Material for this task =>
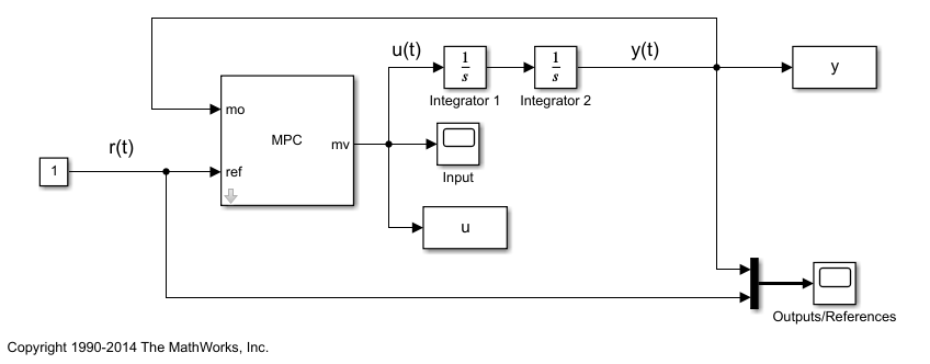 Создайте симуляцию замкнутого цикла Simulink с помощью блока MPC Controller, с mpcobj объект прошел как параметр, чтобы управлять объектом с двойным интегратором. В данном примере откройте уже существующие gpudemo Модель Simulink.
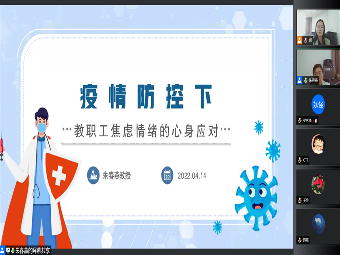 4月14日,校教职工心理健康服务中心邀请色漫天堂 副院长朱春燕教授,以“疫情时期的焦虑情绪应对”为主题,为全校职工开展了一场线上公益讲座,提醒广大教职工做好“心理防疫”。全校500余名教职工线上参加活动。
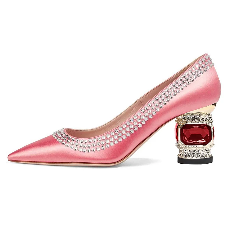 Satin Rhinestone Embellished Pointed Toe Women's Pink Heels
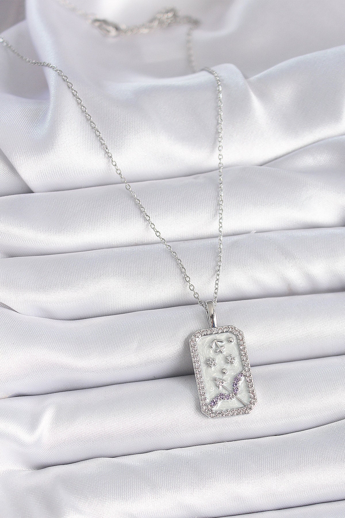 - Ürün Adı: 316L Çelik Gümüş Renk Zincir Yay Burcu Zirkon Taşlı Kadın Kolye
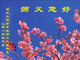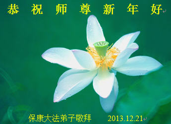 尊敬的恩师:您好! 新年之际,弟子们向师父致以亲切的祝福!祝师父节日愉快! 弟子们紧跟师尊修炼,牢记师父教导:以宇宙大法“真、善、忍”的法理要求自己,归正自己,用慈悲、宽容救度众生,常常自省不足,在大法中升华着,坚定的走在正法路上。 谢谢师父!佛恩浩荡! 孝感市一学法小组 全体学员向师父叩拜! 2013-12-15
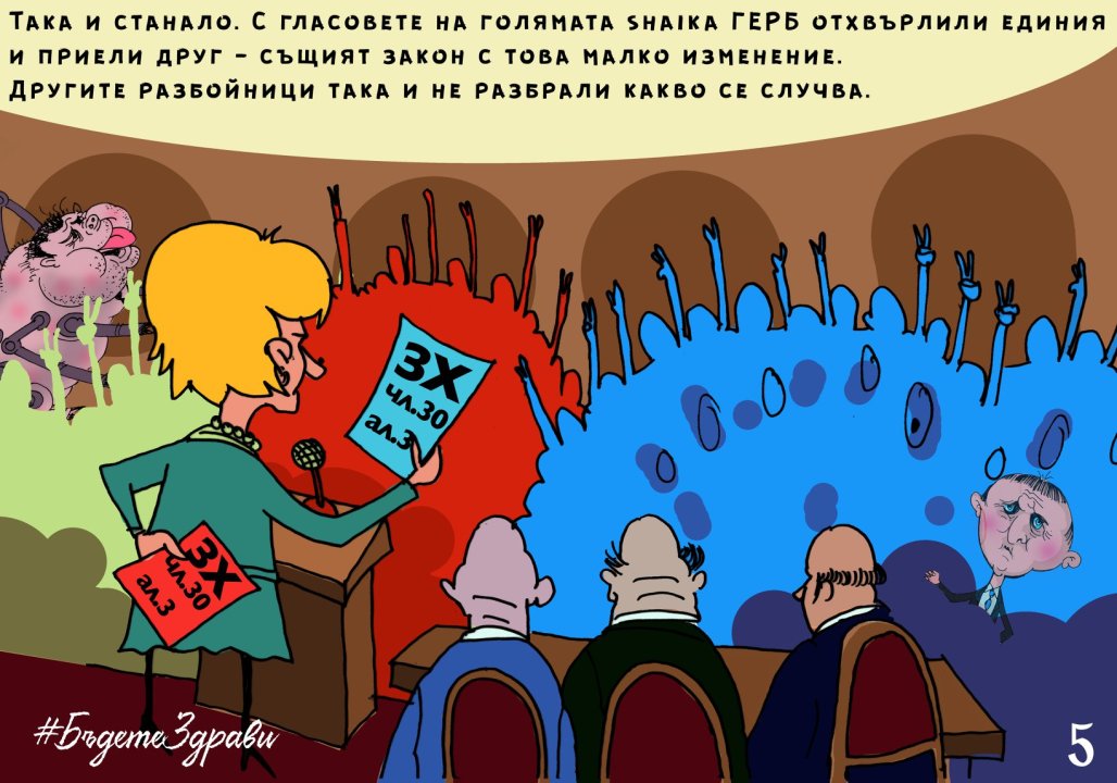 Така и станало. С гласовете на голямата shaika ГЕРБ отхвърлили единия и приели друг - същият закон с това малко изменение. Другите разбойници така и не разбрали какво се случва.

What is needed =>
Each line from the start of the entries to the line holding "- Ürün Adı: 316L" is to be given again exactly, both ends included, and each picture is to be left out.

Response =>
 Создайте симуляцию замкнутого цикла Simulink с помощью блока MPC Controller, с mpcobj объект прошел как параметр, чтобы управлять объектом с двойным интегратором. В данном примере откройте уже существующие gpudemo Модель Simulink.
 4月14日,校教职工心理健康服务中心邀请色漫天堂 副院长朱春燕教授,以“疫情时期的焦虑情绪应对”为主题,为全校职工开展了一场线上公益讲座,提醒广大教职工做好“心理防疫”。全校500余名教职工线上参加活动。
 Satin Rhinestone Embellished Pointed Toe Women's Pink Heels
 - Ürün Adı: 316L Çelik Gümüş Renk Zincir Yay Burcu Zirkon Taşlı Kadın Kolye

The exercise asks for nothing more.